Sobre lo que sucedería a los cuerpos celestes yo podría dejar de hacer nuevas apuestas y esperar tranquilamente a embolsarme las posturas de (k)yK a medida que mis previsiones se cumplían. Pero la pasión del juego me llevaba, de cada acontecimiento posible, a prever la serie interminable de acontecimientos que de él derivaban, hasta los más marginales y aleatorios. Comencé a acoplar pronósticos sobre hechos más inmediatos y fácilmente calculables con otros que exigían operaciones extremadamente complejas.

– Pronto, mira cómo se condensan los planetas: dime un poco en cuál se formará una atmósfera: ¿En Mercurio? ¿Venus? ¿Tierra? ¿Marte? Anda, decídete; y además, ya que estás, calcúlame el índice de incremento demográfico de la península india durante la dominación inglesa. ¿Qué necesidad tienes de pensar tanto? Date prisa.

Había embocado un canal, una espiral más allá de la cual los acontecimientos hormigueaban con multiplicada densidad, no había más que tomarlos a puñados y arrojárselos a la cara a mi competidor que jamás había supuesto su existencia. La vez que se me ocurrió dejar caer casi distraídamente la pregunta: -Arsenal-Real Madrid, en semifinal, Arsenal juega en su campo, ¿quién gana?-, en un instante comprendí que con esto que parecía un revoltijo casual de palabras había tocado una reserva infinita de nuevas combinaciones entre los signos de los cuales se serviría la realidad compacta y opaca y uniforme para disfrazar su monotonía, y quizá la carrera hacia el futuro, aquella carrera que yo por primera vez había previsto y auspiciado, no tendía sino a través del tiempo y del espacio a desmenuzarse en alternativas como ésta, hasta disolverse en una geometría de invisibles triángulos y rebotes como el recorrido de la pelota entre las líneas blancas de la cancha que yo trataba de imaginarme trazadas en el fondo del vórtice luminoso del sistema planetario, descifrando los números marcados en el pecho y la espalda de los jugadores nocturnos irreconocibles en lontananza.
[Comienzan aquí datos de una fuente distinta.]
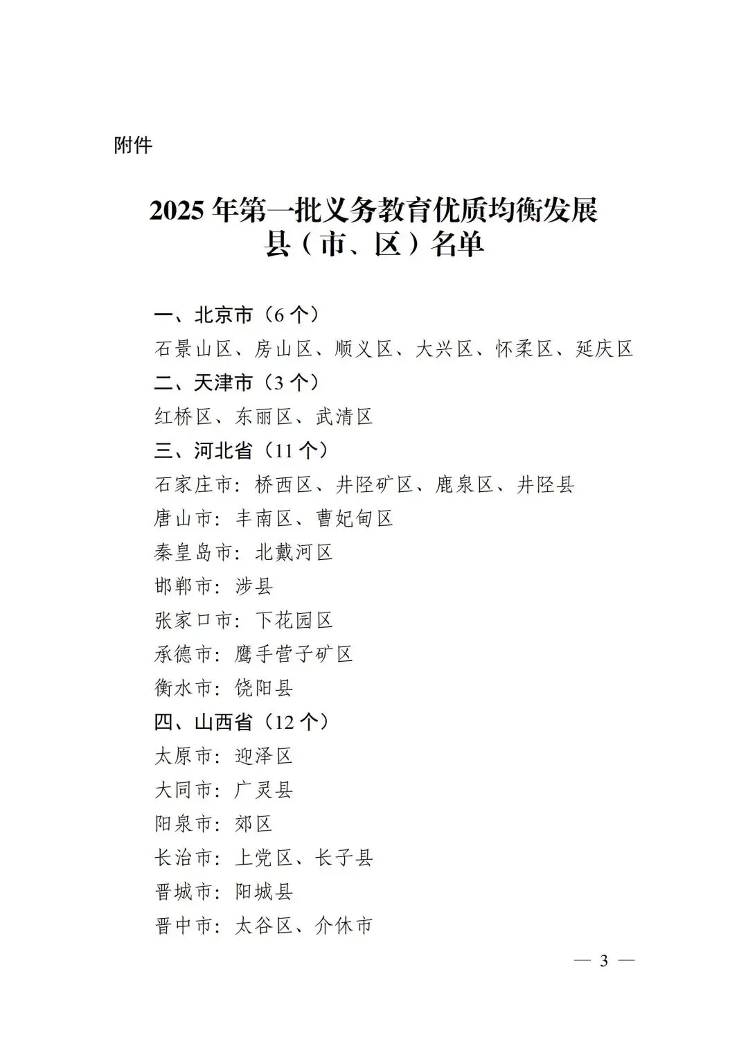 近日,教育部发布《关于公布2025年第一批义务教育优质均衡发展县(市、区)认定结果的通知》: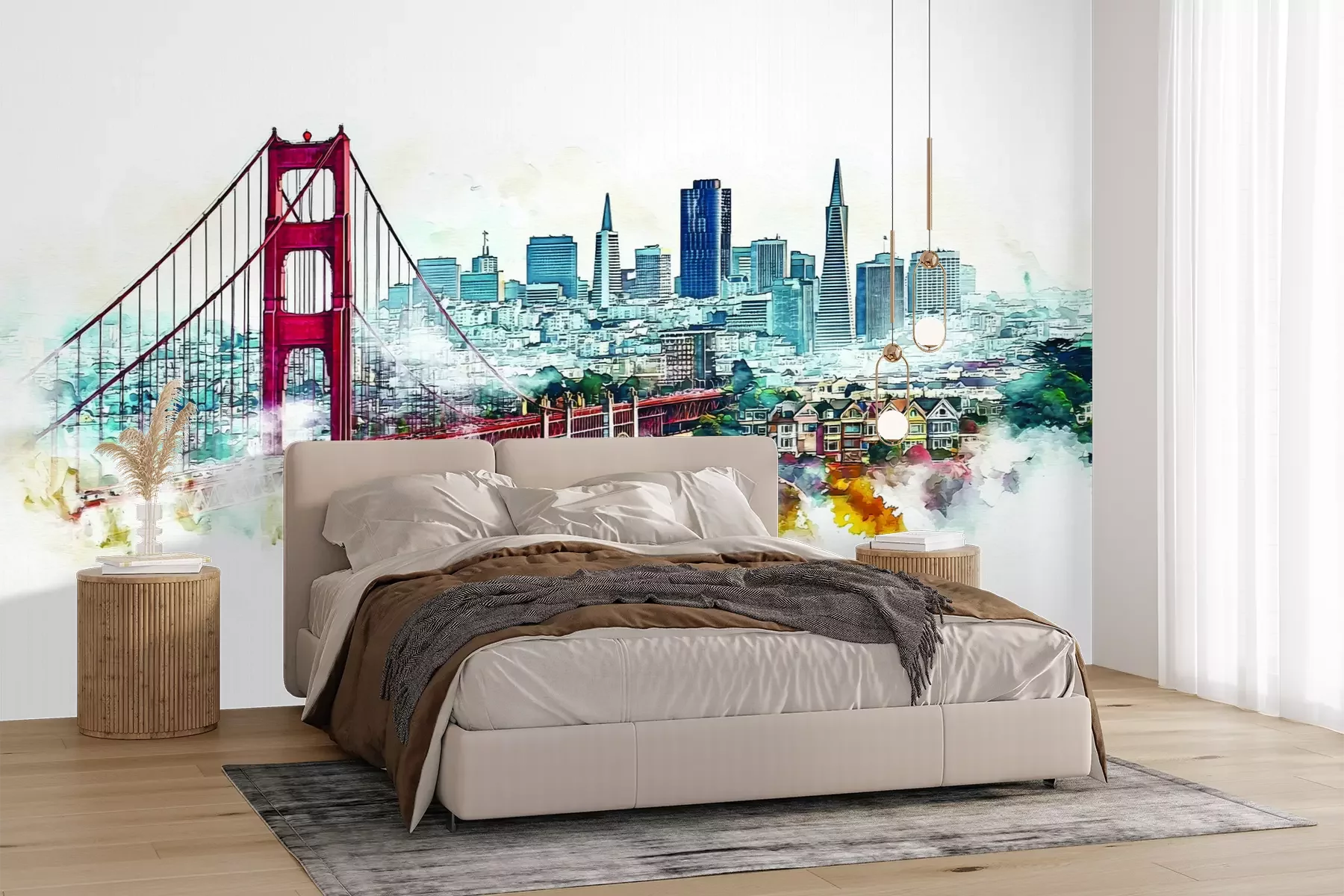 Het materiaal Premium+ is een gestructureerd vinyl op vlies met een gewicht van 255 g/m², dat kleine oneffenheden in de muur effectief camoufleert. De subtiele structuur van fijn zand geeft het oppervlak een exclusieve uitstraling, terwijl de halfmatte afwerking de diepte van de kleuren benadrukt. Het materiaal is dampdoorlatend, waardoor het ook in de keuken en badkamer kan worden gebruikt. De maximale breedte van één baan bedraagt 100 cm – bij grotere afmetingen wordt het fotobehang in meerdere gelijke banen verdeeld. De lijm wordt direct op de muur aangebracht en het behang wordt rand-aan-rand geplakt, wat zorgt voor een esthetisch resultaat zonder zichtbare naden. Het oppervlak kan gemakkelijk worden schoongemaakt door het voorzichtig af te nemen met een vochtige doek.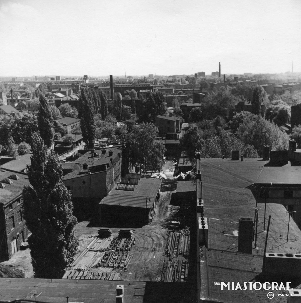 Widok z wieży katedry w kierunku płn.- zach.( po 1927r.). Po prawej kamienica z ul.Radwańska 19 / Wólczańska, po lewej szpital ewangelicki św. Jana. tid.

Ahora me había lanzado en este nuevo campo de lo posible jugándole todas mis ganancias precedentes. ¿Quién podía detenerme? La habitual incredulidad perpleja del Decano sólo servía para incitarme a arriesgar. Cuando me percaté de que me había metido en una trampa era tarde. Todavía tuve la satisfacción -flaca satisfacción esta vez- de ser el primero en darme cuenta: (k)yK no parecía notar que la fortuna se había puesto de su parte, pero yo contaba sus carcajadas, en un tiempo escasas y cuya frecuencia ahora aumentaba, aumentaba…

– Qfwfq, ¿has visto que el Faraón Amenhotep IV no tuvo hijos varones? ¡Gané yo!

– Qfwfq, ¿has visto que Pompeyo no pudo con César? ¡Te lo dije!

Y, sin embargo, yo había seguido mis cálculos hasta el fondo, no había descuidado ninguna componente. Aunque tuviera que empezar nuevamente desde el principio, habría vuelto a apostar como antes.

– Qfwfq, bajo el emperador Justiniano se importó de la China a Constantinopla el gusano de seda, no la pólvora… ¿O soy yo el que se confunde?

– No, hombre, has ganado tú, has ganado tú…

Es cierto que me había dejado arrastrar a hacer pronósticos sobre acontecimientos fugaces, impalpables, y había hecho muchos, muchísimos, y ahora ya no podía echarme atrás, no podía rectificarme. Y por lo demás, ¿rectificarme cómo, sobre qué base?

– Entonces Balzac no hace suicidar a Lucien de Rubempré al final de las Illusions perdues -decía el Decano, con una vocecita triunfante que le había aparecido de un tiempo a esta parte-, pero lo hace salvarse de Carlos Herrera, alias Vautrin, ¿sabes?, aquel que aparecía ya en el Père Goriot… Bueno, Qfwfq, ¿en cuánto estamos?

Mi ventaja retrocedía. Había puesto a cubierto mis ganancias, convertidas en valores seguros, en un banco suizo, pero tenía que retirar continuamente grandes sumas para hacer frente a las pérdidas. No es que perdiese siempre. Algunas apuestas las ganaba todavía, a veces importantes, pero los papeles se habían cambiado; cuando ganaba ya no estaba seguro de que no hubiera sido una casualidad, y que la vez siguiente no me tocara un nuevo desmentido a mis cálculos.